The Cherokee removal (May 25, 1838 – 1839) was part of the broader Indian removal policy and refers to the forced displacement of an estimated 15,500 Cherokees and 1,500 African-American slaves from the U.S. states of Georgia, North Carolina, Tennessee and Alabama to the West. This forced displacement occurred according to the terms of the 1835 Treaty of New Echota. The Cherokee removal was one of several forced relocations of American Indian groups from the American South, North, Midwest, Southwest, and the Plains regions during this period, though other groups such as the Chickasaw, Choctaw, and Muscogee (Creek) were also removed reluctantly during this era of U.S. policy.

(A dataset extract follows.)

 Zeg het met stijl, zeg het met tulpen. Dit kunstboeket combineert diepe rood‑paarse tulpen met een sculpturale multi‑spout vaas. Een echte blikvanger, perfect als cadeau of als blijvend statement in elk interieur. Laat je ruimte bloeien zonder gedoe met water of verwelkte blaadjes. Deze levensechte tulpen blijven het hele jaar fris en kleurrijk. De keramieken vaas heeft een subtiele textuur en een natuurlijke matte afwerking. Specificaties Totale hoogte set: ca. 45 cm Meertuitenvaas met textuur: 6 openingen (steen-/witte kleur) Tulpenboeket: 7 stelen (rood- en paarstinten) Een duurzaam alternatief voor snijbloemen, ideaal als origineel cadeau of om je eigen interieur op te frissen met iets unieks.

The removal process itself lasted from May 25, 1838 through 1839, during which the Cherokee and enslaved African-Americans were forcibly transported westward. The Cherokee have since called this event Nu na da ul tsun yi (the place where they cried), though this term and the alternative phrase Tlo va sa (our removal) do not appear to have been used at the time of the removal itself, and both terms seem to be of Choctaw origin.

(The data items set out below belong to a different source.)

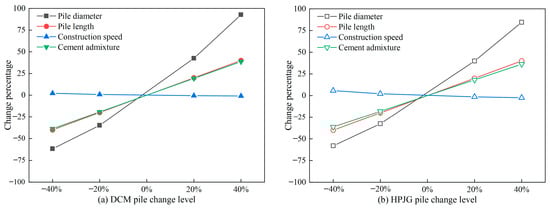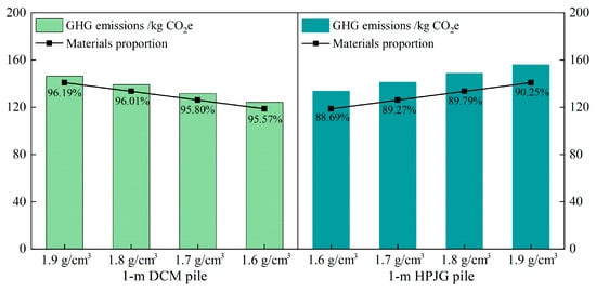 Natural sedimentation processes, geological movements, and human activities can cause variability in the spatial distribution of soils. This variability influences the selection of pile sizes at the design stage. According to the data in Figure 10, an increase in the pile diameter was positively correlated with an increase in the GHG emissions for both types of piles. Specifically, when the pile diameter was 500 mm, the proportions of GHG emissions related to materials for the DCM and HPJG piles were 91.29% and 78.72%, respectively. When the diameter increased to 800 mm, the proportions increased to 96.19% and 90.29%, respectively. This suggests that the pile diameter is directly linked to material usage and predominantly governs GHG emissions. Additionally, the length of the pile exerted a direct linear effect on GHG emissions. This outcome is unsurprising given that the pile length served as the functional unit in the assessments. Therefore, with increasing pile length, the GHG emissions also increased linearly.
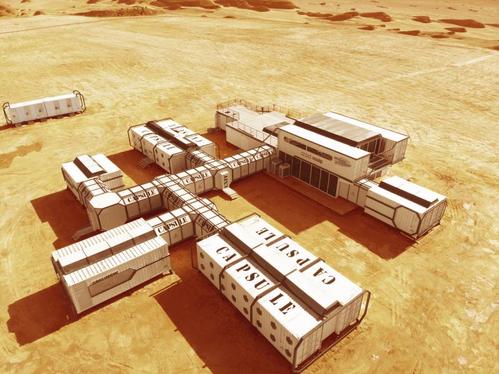 在這片“地球上最不像地球的地方”,以科學(xué)、科普和科幻為核心, 中國(guó)首個(gè)研學(xué)火星模擬基地——“火星營(yíng)地”拔地而起。該項(xiàng)目斥資1.5億,營(yíng)地建設(shè)風(fēng)格模擬未來(lái)人類移居火星后的生存環(huán)境,搭建有“總部大樓”“火星艙”等,和周圍的山色融為一體,就像曾經(jīng)在電影中出現(xiàn)的場(chǎng)景,來(lái)到營(yíng)地的所有人都能身臨其境地體驗(yàn)到居住在火星的狀態(tài),不由自主地想盡快進(jìn)入生存挑戰(zhàn)角色,完成“火星移居”的課題研究。
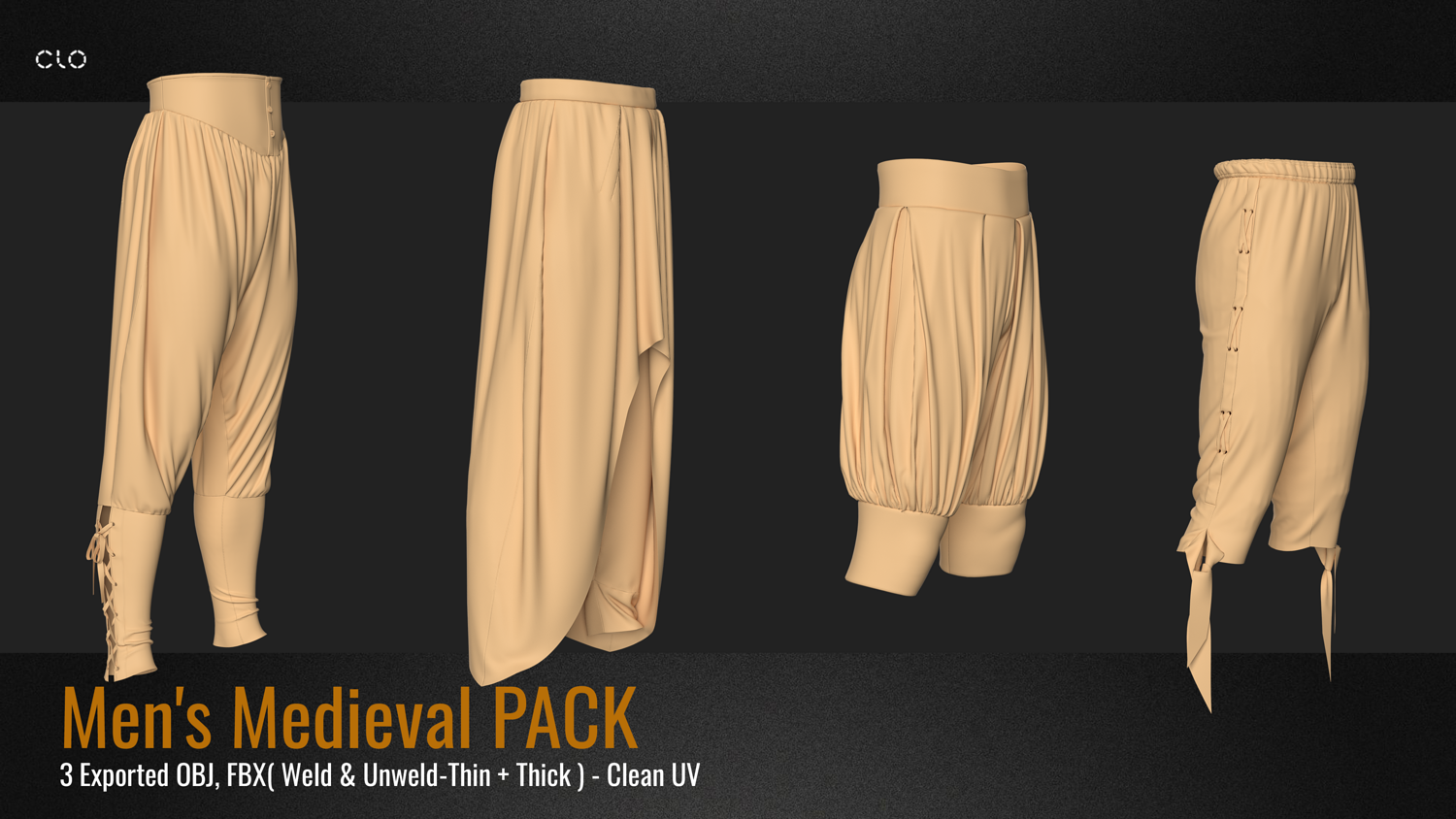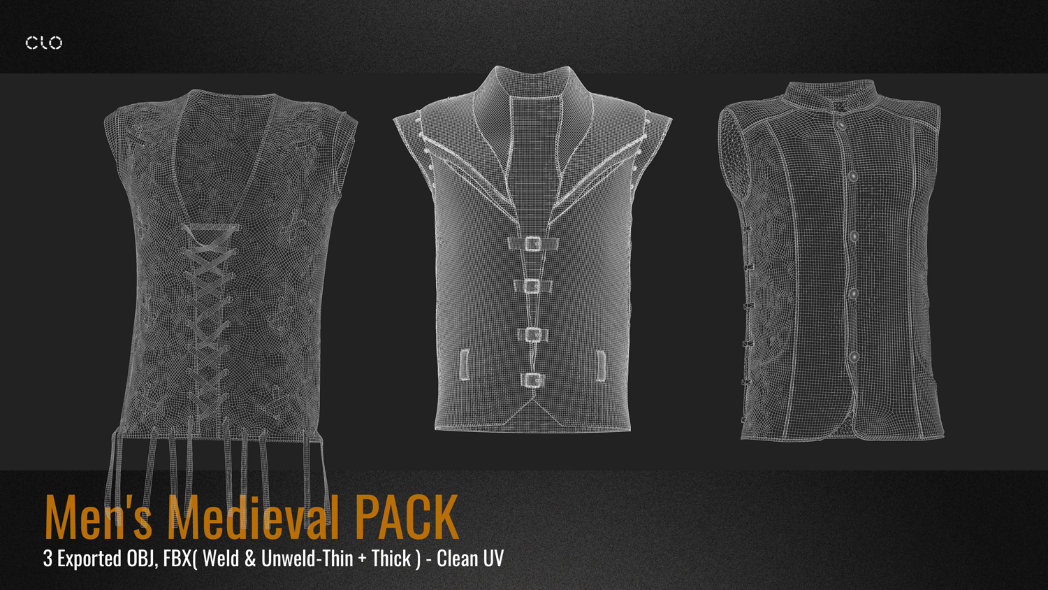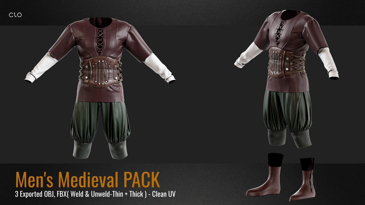 Medieval Male Outfit Pack – 21 Items (Vol. 02) /ZPRJ + OBJ + FBX

The consequence of the forced removal was devastating. It is estimated that 3,500 Cherokees and African-American slaves died en route during the removal process. This mass displacement and death toll stands as a significant and tragic chapter in American Indian history, representing the human cost of the Indian removal policy during the early republic period.
The early republic period saw the United States move from the weak Articles of Confederation to the federal Constitution ratified in 1788, with the Bill of Rights added in 1791. George Washington served two terms as president (1789–1797), establishing precedents for executive authority, and the federal capital moved permanently to Washington D.C. in 1800. The Louisiana Purchase (1803) doubled the nation's territory for roughly $15 million, opening vast trans-Mississippi lands to American expansion. The War of 1812 against Britain ended inconclusively but produced a surge of American national identity and eliminated most British support for Indigenous resistance east of the Mississippi. The Northwest Indian Wars (1785–1795) and the Creek War (1813–1814) broke Indigenous confederacies that had resisted US expansion. The Missouri Compromise of 1820 temporarily balanced slave and free states as the nation expanded westward, but embedded the contradiction of slavery in every subsequent territorial debate.